Options for the Indian Textile Industry: Diversification
The mantra here is diversity within limits. Although diversification is not a panacea to the difficulties which are faced by the Indian textile industry, at least it gives some life support to the industry in the current dire economic situation. Diversification here refers to three aspects;
1. scale;
2. quality
3. innovation.
What we mean by diversification here is not to just ask for expansion or investments by the industry in totally new areas, which are outside the core competency of a particular industry. For instance, until the global economy starts recovering, it is not judicious for a spinning sector to invest into technical textiles sector or spread thin. Rather it will be logical for the spinning sector to think in terms of enhancing its scale, improving the quality of its products and trying to look into incremental innovation. These three factors, i.e., enhancing the scale of operation, improving the quality and improving creativity utilizing existing resources to innovate new products are the three legs upon which the Indian textile industry should stand.
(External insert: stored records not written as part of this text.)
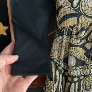 This chic dress features a sleek black top paired with a stunning gold patterned skirt. Ideal for any occasion, it offers both elegance and comfort.
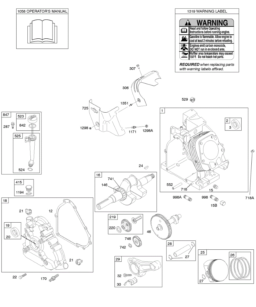 Parts for Briggs & Stratton 20C414-0372-E1: Camshaft, Crankcase Cover, Crankshaft, Cylinder, Lubrication, Operator's Manual, Piston / Rings / Connecting Rod, Warning Label Parts
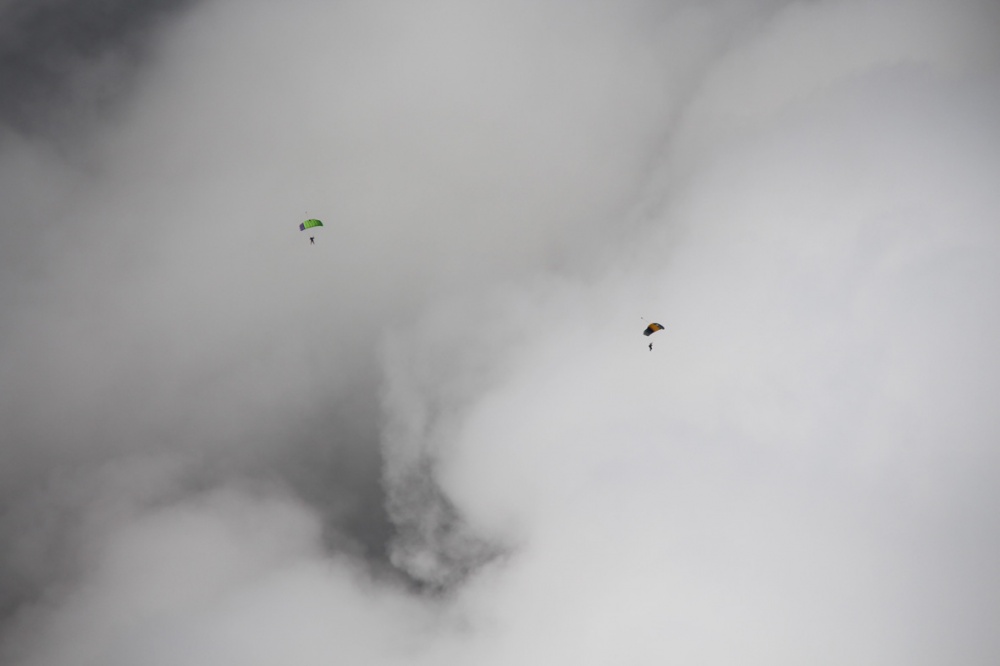 Прыжки осуществляли в максимально сложных условиях: из-за сильного ветра, кучевых облаков, с высоты 3500 метров на площадку приземления на уровне чуть выше 2 километра и с нижней кромкой облачности — 2300 метров. Фактически на этой высоте (2,3 км) парашютисты-спасатели, вынырнувшие из-за облаков, разглядывали, где они есть и куда несет их ветер, и самое главное — имели немного больше чем 200 м или считанные секунды на принятие оптимального решения: как и где им лучше приземлиться.

Such an approach will slowly take the conventional commodity sector into the boundaries of specialty textiles sector or technical textiles. This is the logical diversification and the need of the hour.
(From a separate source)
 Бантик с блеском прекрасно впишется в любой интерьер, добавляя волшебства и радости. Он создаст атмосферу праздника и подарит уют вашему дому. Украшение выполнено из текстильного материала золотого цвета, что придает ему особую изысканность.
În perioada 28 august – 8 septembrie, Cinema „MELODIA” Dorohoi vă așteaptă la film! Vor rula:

Scale, Quality and Innovation
An industrialist will feel nervous in the current situation to enhance his scale of operation when the markets are basically flattened. The clarion call made here is not to blindly expand but to harmonize scale, quality and innovation towards better output to create new opportunities. For example, a recent study by the Federation of Indian Chambers of Commerce and Industry on the opportunities that are existing in the defense sector for the Indian textile industry has called for a better coordination and education of procurement and other opportunities that are existing with the Indian defense sector. In addition, it calls for the Indian textile industry to invest in Research and Development for developing value-added and functional textiles that could be used by the Indian military and also the Indian military to make procurement procedures friendly for the Indian textile industry. In view of expansion, Indian spinning sector can enhance its output by effectively developing high performance yarns and products using high performance fibers such as Nomex, Kevlar, fire retardant fibers in different combinations which will be of use to the Indian defense and aerospace sectors. This kind of expansion of scale which is rather unconventional will not only provide a Plan B to the commodity spinning sector but also will provide the Indian conventional spinning sector an opportunity to get its foot in the defense sectors door. Such kind of activities is possible nowadays because of the existence of either sales or subsidiary offices of high performance fiber manufacturers such as Lenzing, AG in India.
Another leg of the stool on which the Indian textile industry should stand is the constant effort to enhance the quality of its products Industrialists and traders have become more aware of the perks for improvement in the quality and quality labels. Indian textile industry is fortunate to have access to the workshops on quality improvement and quality standards by international professional organizations such as the USA based American Association of Textile Chemists and Colorists and the UK based Society of Dyers and Colorists. The availability of these workshops in India most recently at subsidized costs is a good opportunity which the Indian industry should seize. Indian trade bodies such as the Confederation of the Indian Industry and the Federation of Indian Chambers of Commerce and Industry should raise the quality bar on its members products and should serve as a good ambassador in promoting the improvements in the quality of Indian goods in international trade forums. With the enhancement in scale and the quality of the products, incremental innovations will expand the product basket of the Indian textile and manufacturing industries. Such a three prong approach will be an immediate requirement for the Indian textile industry to see some growth light at the end of the dark tunnel.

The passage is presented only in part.